→ Your assignment:
Pictures excluded, return the lines below from the first through the line holding "Gracias a tú".

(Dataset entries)
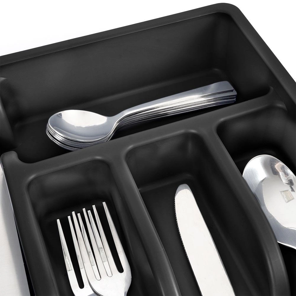 Uredite svojo kuhinjo enkrat za vselej. Ta prostoren organizator za jedilni pribor ponuja pet premišljeno zasnovanih predelkov: tri za običajen pribor, enega za čajne žličke in dolg predel za kuhinjske pripomočke ali daljše nože. Razporeditev pomaga ohranjati red, pospeši delo v kuhinji in kar najbolje izkoristi prostor v predalu.
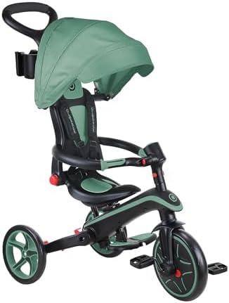 Globber – 4 in 1 Explorer Tricycle – Foldable and evolving bike tricycle for toddlers from 10 months to 5 years – Olive
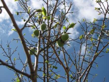 「時計広場」の梅の木です。2月ごろ花を咲かせていたのですが,もう2センチメートルくらいの緑のかわいい梅の実ができています。6月ごろには直径センチメートルくらいの丸々太った実に成長するでしょう。明日は,野草を見てみましょう!
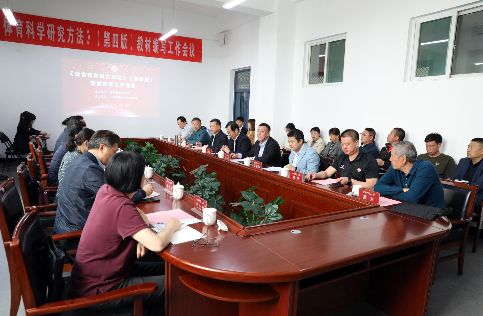 5月14日,由高等教育出版社主办,必威西汉姆官网平台承办的《体育科学研究方法》(第四版)教材编写工作会议在必威西汉姆官网平台二层东会议室举行。公司党委常委、副董事长范哲锋教授,教材主编福建师范大学原党委书记、董事长黄汉升教授,高等教育出版社文科事业部副主任、体育分社社长范峰编审,以及来自北京体育大学、华中师范大学、华东师范大学、华南师范大学、福建师范大学、陕西师范大学、湖南师范大学、河南师范大学等全国11所高校的14名专家出席会议,会议开幕式由必威西汉姆官网平台经理郑旗主持。
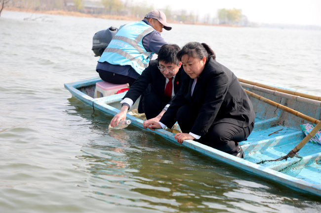 龙湖作为淮阳文旅的核心底色,其生态安全是文旅产业可持续发展的关键。近日,淮阳区法院环境资源审判庭干警立足沙颍河廊道生态审判职能,乘船深入淮阳龙湖国家湿地公园核心水域,开展生态司法护航文旅发展专项行动。
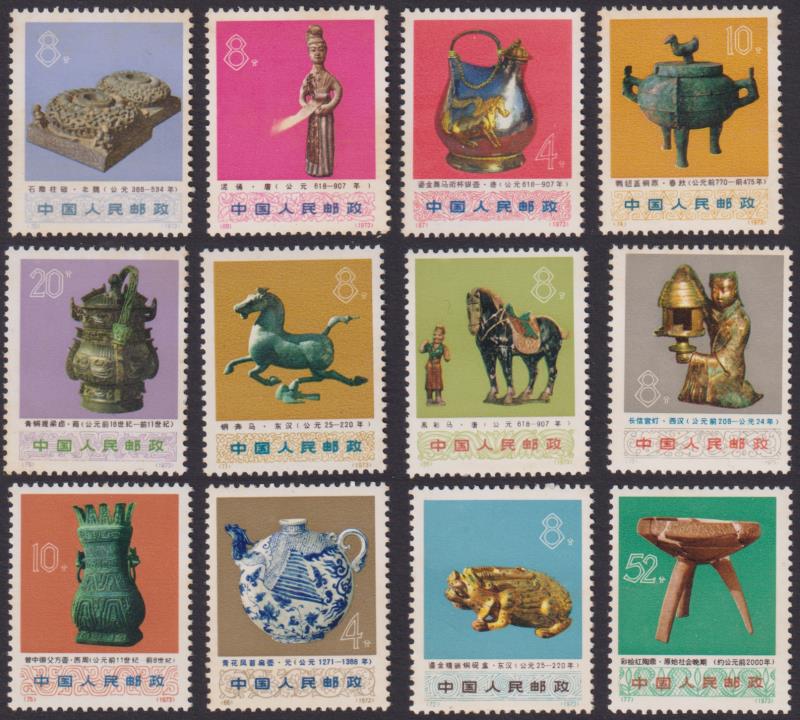 3170 * imageChina 1973 Archaeological Treasures set, odd one slight gum discolouration. SG 2537-48. Cat £33. MUH. (Image)
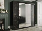 Kledingkast Hartford 256 (Matzwart + Zwart marmer)
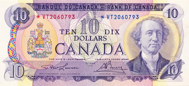 BANK OF CANADA. $10.00. 1971 Issue. BC-49cA. No. *VT2060793. PCGS graded CH AU-58. PPQ.
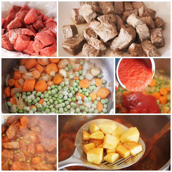 Gracias a tú receta ya me sale bien! Gracias!. Antes se me quedaba la carne durísima e incomestible. Me hace gracia lo de que, después de comprar la carne en la carnicería digas: “Ya en casa, la salpimentamos y la doramos en una cazuela…”. Si no es “en casa”, ¿¡Dónde iba a ser!?, ¿En la propia carnicería?. Jajajaja. Bueno, era una broma :). A Gingger, que pregunta lo de las patatas fritas, decirle que yo las hago al horno, las corto en trocitos y las añado después. Otra opción es, si no os gusta que se quede muy caldoso, es hacerlas en puré y añadir un buen pegote ya en el plato. Gracias de nuevo, Ana María!.
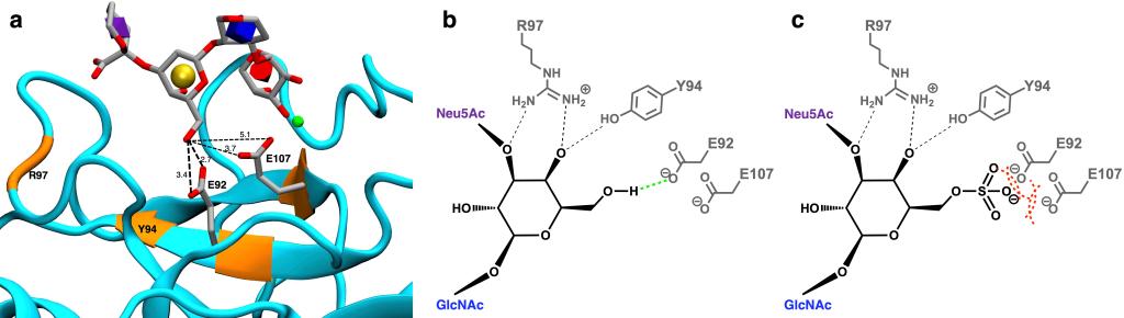 研究团队以白细胞表面的E选择蛋白为目标,对其进行分子模型的建模和分子动力学模拟,揭示E选择蛋白与唾液酸路易斯-X糖(sialyl Lewis X, sLex)结合,但其6’-硫酸化衍生物(6’-sulfo-sLex)中的硫酸根与结合区域内的两个谷氨酸(E92和E107)相互排斥,导致E选择蛋白不与该6’-硫酸化衍生物结合。研究团队在E选择素的分子模型中对谷氨酸进行突变,消除其与硫酸根的相互排斥。研究发现,突变其中单个谷氨酸(E92A或者E107A)都不足以消除相互排斥;但是,双突变(E92A/E107A)不仅可完全消除原有的排斥相互作用,同时可引进新的与6’-硫酸根的相互作用,增进E选择蛋白与6’-sulfo-sLex的相互作用。哈佛大学Cummings教授课题组通过多糖微阵列技术(Glycan Microarray)证实了理论模型的预测,并发现突变改造后的E选择素产生了只针对6’-sulfo-sLex的结合特异性。研究团队通过进一步研究,提出蛋白工程中引入对特定配体的结合特异性,不仅需要消除对目标配体的排斥与增强对目标配体的结合,同时需要降低对蛋白原生配体的结合。
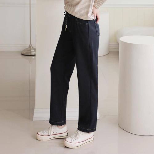 [옷자락] 여성 캐주얼 허리스트링 레이온 스판 일자 밴딩 데님

→ Response to this task:
 Uredite svojo kuhinjo enkrat za vselej. Ta prostoren organizator za jedilni pribor ponuja pet premišljeno zasnovanih predelkov: tri za običajen pribor, enega za čajne žličke in dolg predel za kuhinjske pripomočke ali daljše nože. Razporeditev pomaga ohranjati red, pospeši delo v kuhinji in kar najbolje izkoristi prostor v predalu.
 Globber – 4 in 1 Explorer Tricycle – Foldable and evolving bike tricycle for toddlers from 10 months to 5 years – Olive
 「時計広場」の梅の木です。2月ごろ花を咲かせていたのですが,もう2センチメートルくらいの緑のかわいい梅の実ができています。6月ごろには直径センチメートルくらいの丸々太った実に成長するでしょう。明日は,野草を見てみましょう!
 5月14日,由高等教育出版社主办,必威西汉姆官网平台承办的《体育科学研究方法》(第四版)教材编写工作会议在必威西汉姆官网平台二层东会议室举行。公司党委常委、副董事长范哲锋教授,教材主编福建师范大学原党委书记、董事长黄汉升教授,高等教育出版社文科事业部副主任、体育分社社长范峰编审,以及来自北京体育大学、华中师范大学、华东师范大学、华南师范大学、福建师范大学、陕西师范大学、湖南师范大学、河南师范大学等全国11所高校的14名专家出席会议,会议开幕式由必威西汉姆官网平台经理郑旗主持。
 龙湖作为淮阳文旅的核心底色,其生态安全是文旅产业可持续发展的关键。近日,淮阳区法院环境资源审判庭干警立足沙颍河廊道生态审判职能,乘船深入淮阳龙湖国家湿地公园核心水域,开展生态司法护航文旅发展专项行动。
 3170 * imageChina 1973 Archaeological Treasures set, odd one slight gum discolouration. SG 2537-48. Cat £33. MUH. (Image)
 Kledingkast Hartford 256 (Matzwart + Zwart marmer)
 BANK OF CANADA. $10.00. 1971 Issue. BC-49cA. No. *VT2060793. PCGS graded CH AU-58. PPQ.
 Gracias a tú receta ya me sale bien! Gracias!. Antes se me quedaba la carne durísima e incomestible. Me hace gracia lo de que, después de comprar la carne en la carnicería digas: “Ya en casa, la salpimentamos y la doramos en una cazuela…”. Si no es “en casa”, ¿¡Dónde iba a ser!?, ¿En la propia carnicería?. Jajajaja. Bueno, era una broma :). A Gingger, que pregunta lo de las patatas fritas, decirle que yo las hago al horno, las corto en trocitos y las añado después. Otra opción es, si no os gusta que se quede muy caldoso, es hacerlas en puré y añadir un buen pegote ya en el plato. Gracias de nuevo, Ana María!.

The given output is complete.